Simon Bird to headline doomsday sect comedy Everyone Else Burns
Simon Bird is to star in a new Channel 4 comedy set in a hyper-religious doomsday sect.
Everyone Else Burns boasts an ensemble cast that also includes fellow comedy stars Lolly Adefope, Al Roberts, Lloyd Griffith, Kadiff Kirwan, Morgana Robinson, Liam Williams, Kath Hughes, and Seb Cardinal.
The series is billed as a ‘ coming-of-age comedy about a Mancunian family and the puritanical Christian sect they are devoted to. Will patriarchal David Lewis ever ascend the church ranks and become an Elder? Will dutiful wife Fiona deviate from her own dogmatic moral compass? Will their naïve 17-year-old daughter Rachal be allowed to go to university, and will 12-year-old son Aaron ever fend off his secular bullies? All could lead to damnation.'
Friday Night Dinner star Bird plays David withe Kate O’Flynn from Death In Paradise, as Fiona.
Dillon Mapletoft and Oliver Taylor wrote the script and the series will be directed by Ghosts’ Nick Collett. Both writers were former members of the Cambridge Footlights president, while Mapletoft works as an assistant to Armando Iannucci. They also wrote the comedy-drama play Fix My Brain, about depression and the hardships of working in the NHS, which was nominated for best newcomer at the Brighton Fringe and is now under option for a television adaptation
Described as an ‘irreverent, hilarious and heart-warming series’, Everyone Else Burns was commissioned from Jax Media – producers of the Netflix hit Russian Doll – by Channel 4’s head of comedy Fiona McDermott and commissioning executive Laura Riseam.
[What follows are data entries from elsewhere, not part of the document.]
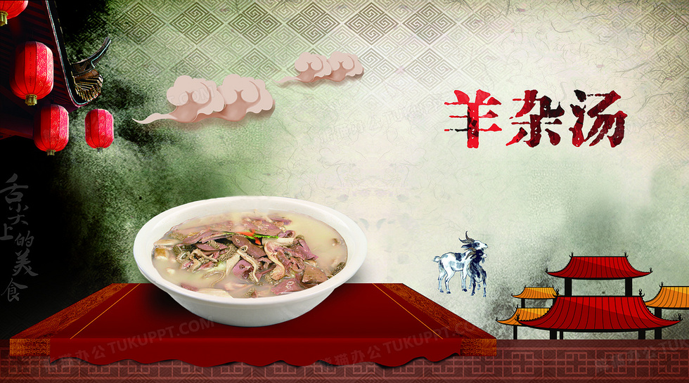 本作品内容为冬至古街羊杂汤美食背景素材, 格式为 psd, 图片尺寸为5315 x 2953, 作品中背景图片无需修改, 源文件无水印,可以直接使用, 欢迎使用熊猫办公。 如认为平台内容涉嫌侵权,可通过邮件:tousu@tukuppt.com提出书面通知,我们将及时处理。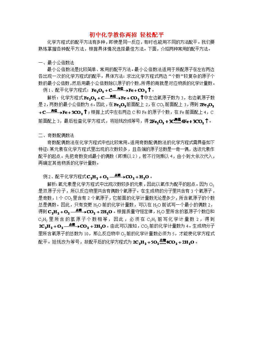 试题-全国-2010_初中化学教你两招 轻松配平学法指导
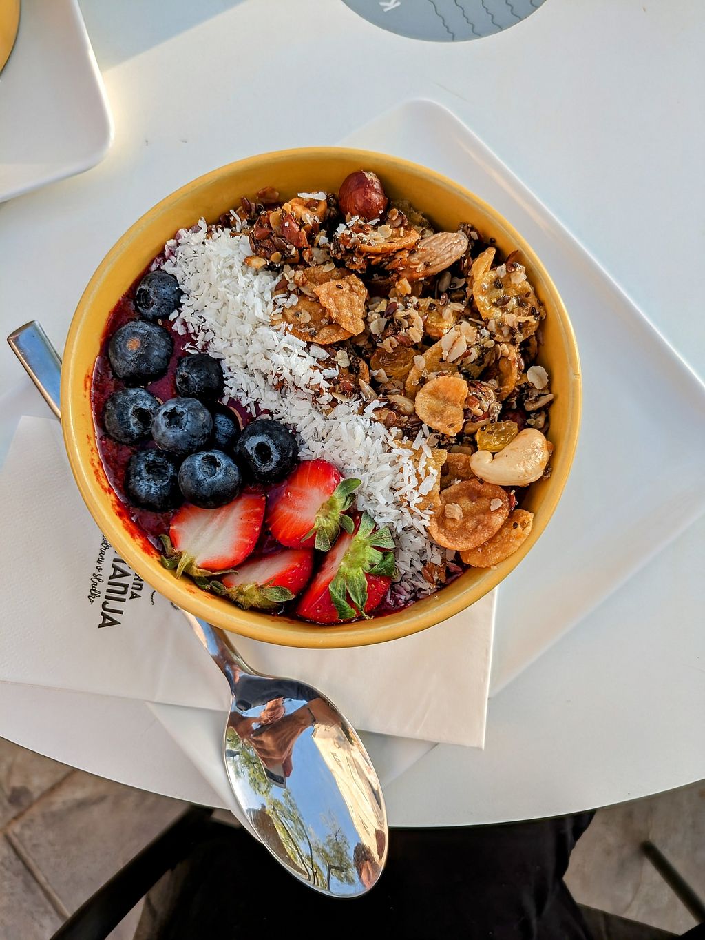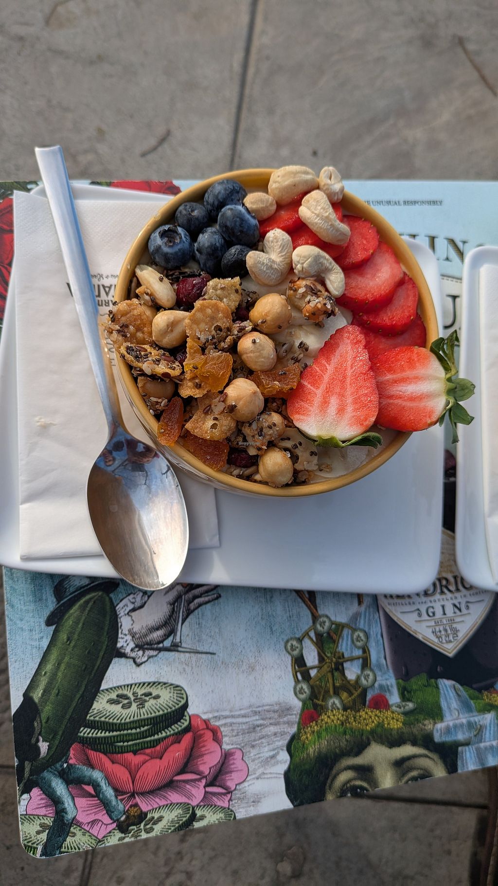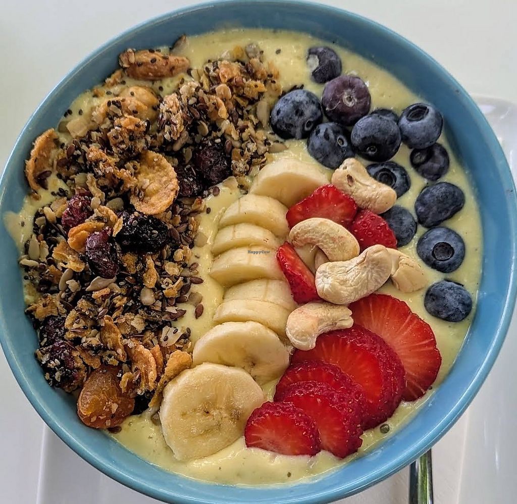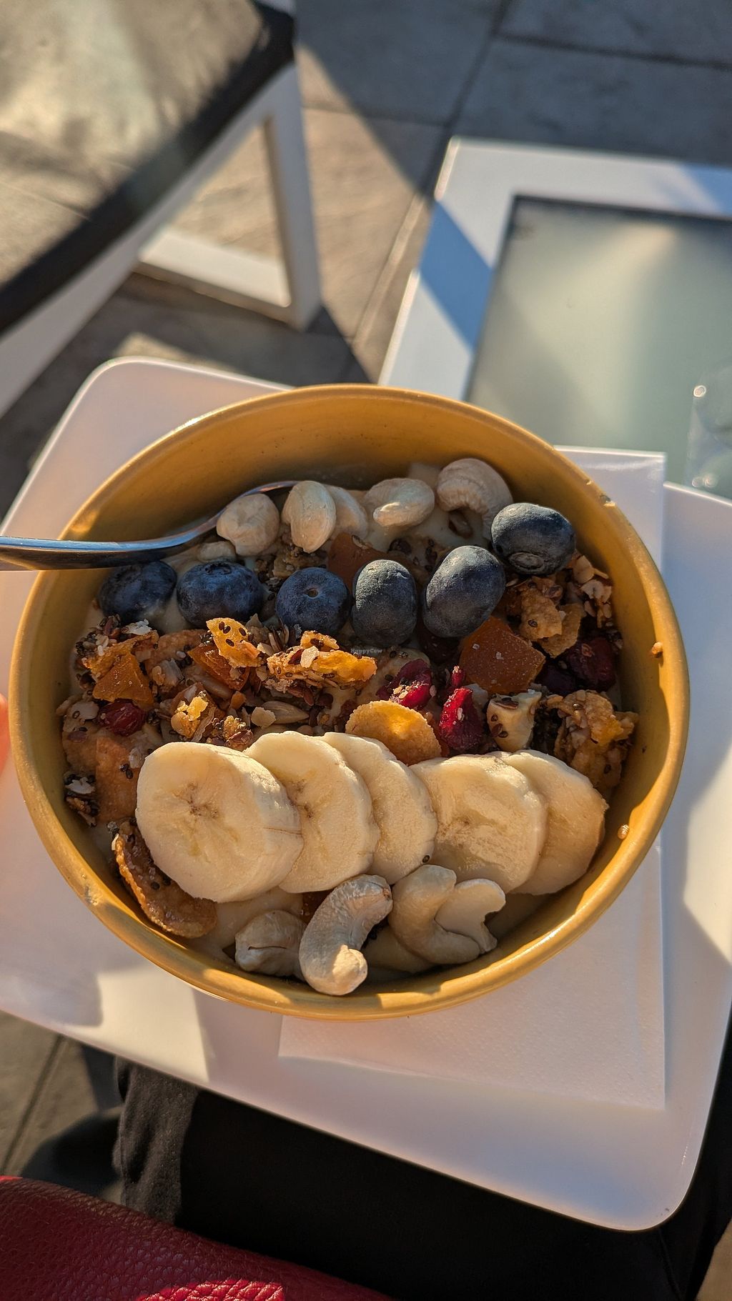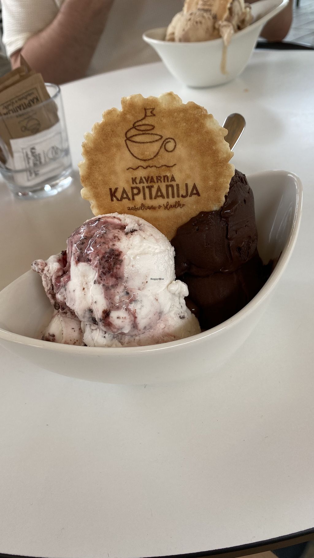 Vegan charcoal croissant and coffee with soy or rice mylk.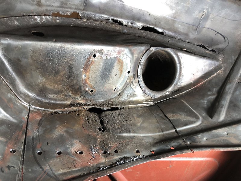 Zuerst habe ich alle Kleinbaustellen (vor allem den Übergang vom unteren Frontblech zum rechten Kotflügel, das habe ich schon ewig vor mir hergeschoben) von unten erledigt, damit das Drehgestell wech kann. Dann habe ich im Kofferaum noch ein paar zusätzlich Streben eingesetzt und nu' is' der Drehspieß erstmal ab. Außerdem habe ich schonmal angefangen, den Kofferboden auszubohren und zu zersägen, dabei kam natürlich wieder einiges von der braunen Pest zum Vorschein. Schön war auch zu sehen wie die Bleche teilweise doppellagig zusammengeklebt waren...

Riseam said: ‘Jax Media have made some of the most iconic comedy of recent years and we are so delighted to be working with them, Oli and Dillon on a project they are so passionate about. We can’t wait for audiences to enter the pressure cooker of life with the Lewis family as they righteously try and defend the ideology and logic of a life of purity with the vices of the modern world encroaching fast.
‘It’s a glorious comedy trap; contemporary, relevant and very funny.’